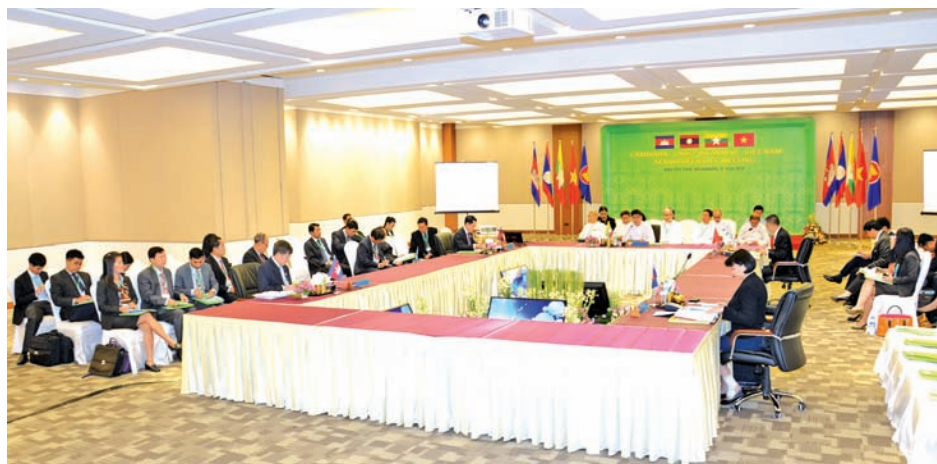
The Senior Officials’ Meeting for the 7 th CLMV Summit in progress.

NAY PYI TAW, 21 June — The Senior Officials’ Meeting for the 7 th CLMV Summit was held in Nay Pyi Taw, MICC I on 21 June 2015 with the active participation of SOM Leaders from the Kingdom of Cambodia, the Lao People’s Democratic Republic, the Republic of the Union of Myanmar and the Social-
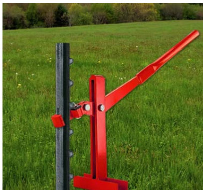
Post puller for T studded post uninstalling
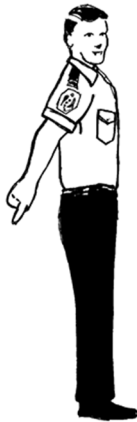
figure 3(b) behind
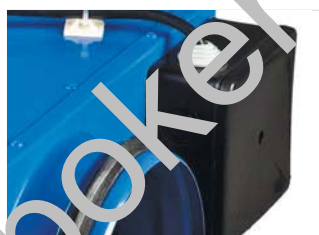
External terminal box for power supply

Mounting at any angle to wall is performed with fastening bracket supplied with the unit. The fan is powered through the external terminal box. Electric supply and mounting shall be performed in compliance with the manual and wiring diagram on the terminal box.
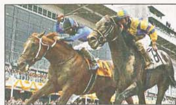
By Gary Hershorn, Reuters

In the heart of bluegrass country, Keeneland spells high tradition unlike any other racetrack in the USA. "Its impeccably kept grounds, with ivy-covered stone buildings and handsome spectator areas, are set among beautiful groves of oak and sycamore," Smith-Baranzini says. "The surrounding countryside is checked with some of the most prestigious horse farms in the country." Racing seasons are each April and October. 800-456-3412; keeneland.com
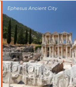
Ephesus Ancient City

The brightest reflections of knowledge, philosophy and the long journey of science were seen in Izmir. The foundation of modern medicine was laid here. The basic pillars of the culture of democracy were built here and spread all over the world from Izmir. The world's first known parliaments, the oldest assemblies where democratic decisions were made and established in this city and in the unique geography that gave life to this city.
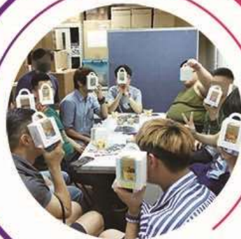
「彩虹日」活動 "Rainbow Day" Activities
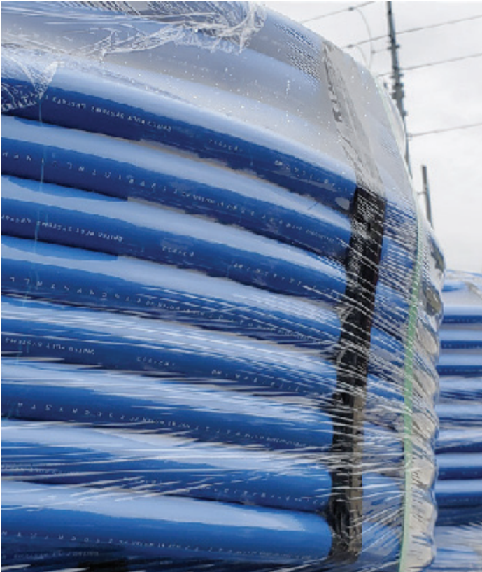
Figure 1. UPS can package Crystal Line HDPE pipe in coils, reels or straight line.
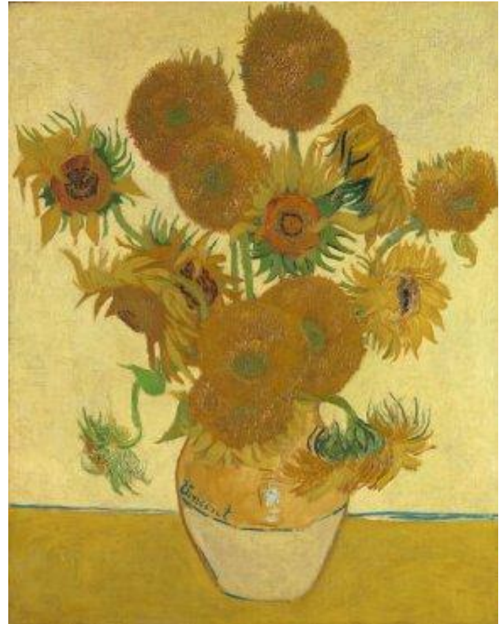
Sunflowers 1888, Vincent van Gogh
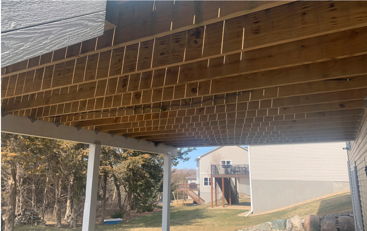
Figure 7: BEFORE Ceiling

To capture that modern cabin, feel, the walls were lined with painted shiplap. The natural wood grain and finish of the solid oak mantle and rough sawn cedar ceiling brought the outdoors inside, with a faint scent as a reminder of the woods. The exterior, though, was another matter entirely. The decision to use James Hardie siding ensured durability while maintaining a wood-like appearance, perfect for Wisconsin's diverse climate.
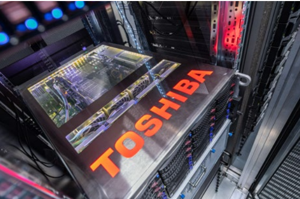
Server and Storage in the Technology Experience Lab
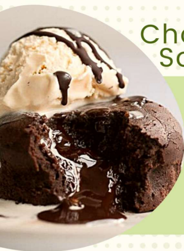
Chocolate Soufflé £7.50

ช็อกโกแลตซูเฟล่ : Rich chocolate dessert with liquid chocolate centre. Served with a scoop of vanilla ice cream.
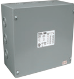
Shown With Cover
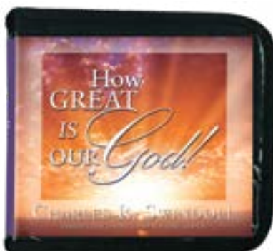
How Great Is Our God by Charles R. Swindoll CD series
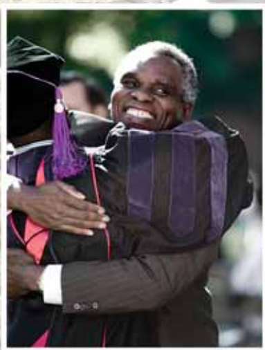
▲ A proud dad hugs his graduate.
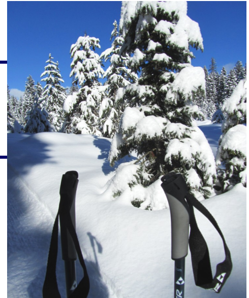
World Class Cross Country trails
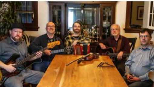
Le Travaillant, 1/22
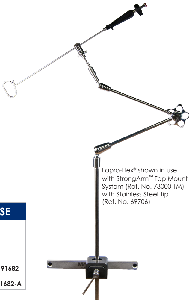
Lapro-Flex® shown in use with StrongArm™ Top Mount System (Ref. No. 73000-TM) with Stainless Steel Tip (Ref. No. 69706)
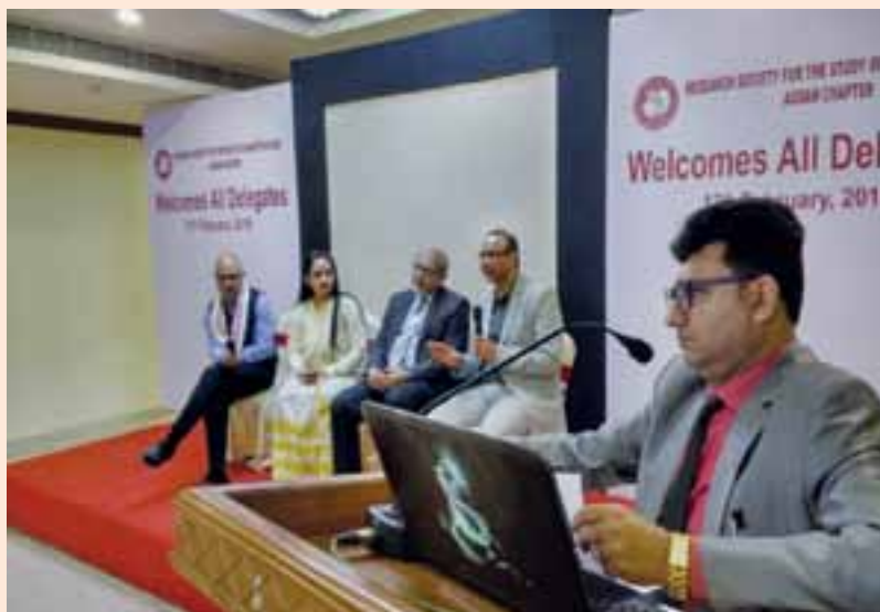
Panel discussion during RSSDI Assam chapter meeting
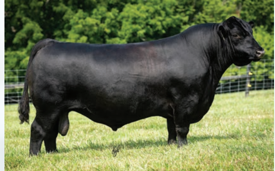
Baldrige Movin On G780 SIRE
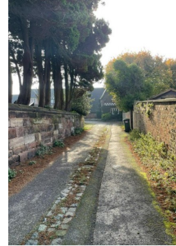
Southbank before ...

... to all the villagers who undertook the long-overdue task of clearing weeds
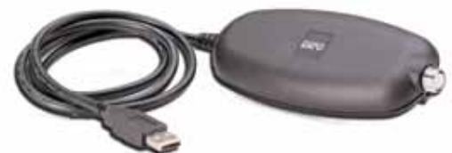
FIP-USB (USB module)
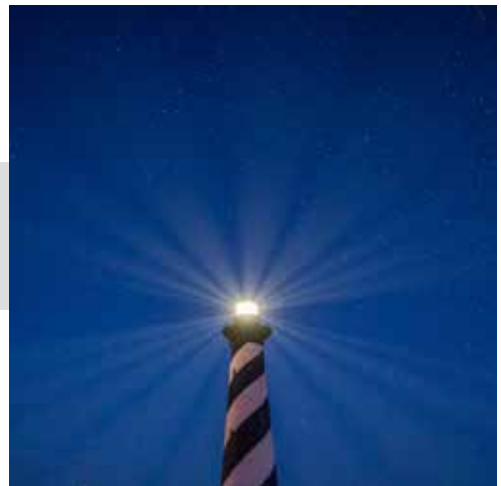
2ND PLACE Debra Mastronardi, "Blades of Light"
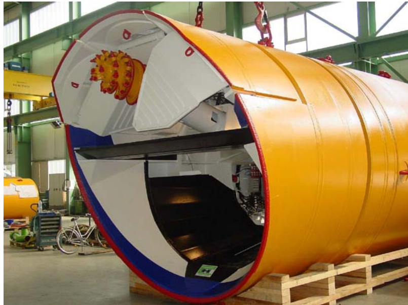
Fig.3 Open face shield (Manufacturer: Herrenknecht, Schwanau).

Excavated material has been transported from the face to the machine rear part by the moving band and then by wagon to the start shaft where was picked up to the surface over one portal-crane. Near to the start shaft was temporary disposal area for excavated material and a storage for pipes that were transported to the bottom of the start shaft with the same portal crane. The pipe-jacking was performed by pressing station that was installed in the start shaft and equipped with 6 hydraulic jacks with 300 tons capacity each that may activate maximum full pressure ring force of 1800 tons (ARGE Kollektor Graz, 2004).
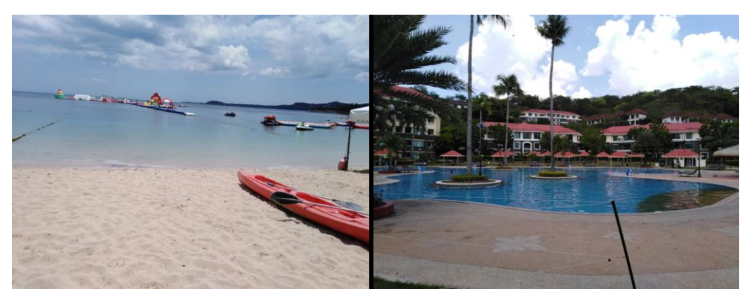
For more details about the resort, visit their website: http://canyon.ph/canyon-cove/
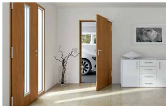
Sturdy internal doors Fire-rated doors, security doors and internal doors that blend in perfectly with the doors in your home.
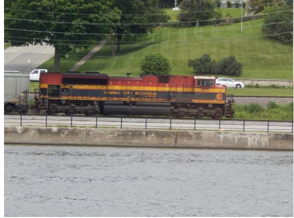
One helper, KCS de Mexico No. 4079, EMD SD70ACe, on the back end of the same train.
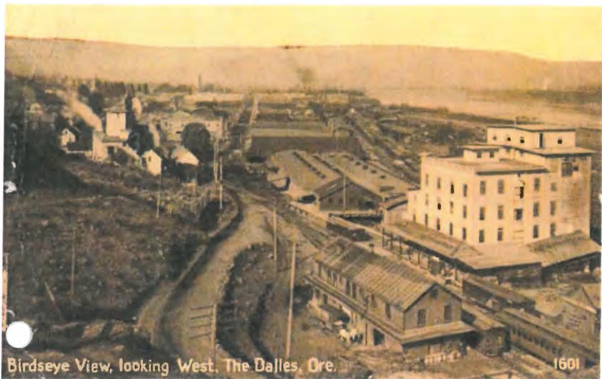
Birdseye View, looking West, The Dalles, Ore.
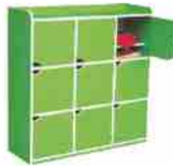
VE - 029

▬▬▬▬▬▬▬▬▬▬

#### Your instructions:
Every line of the data that holds "each" should be counted, and only the total given.

#### Answer box:
2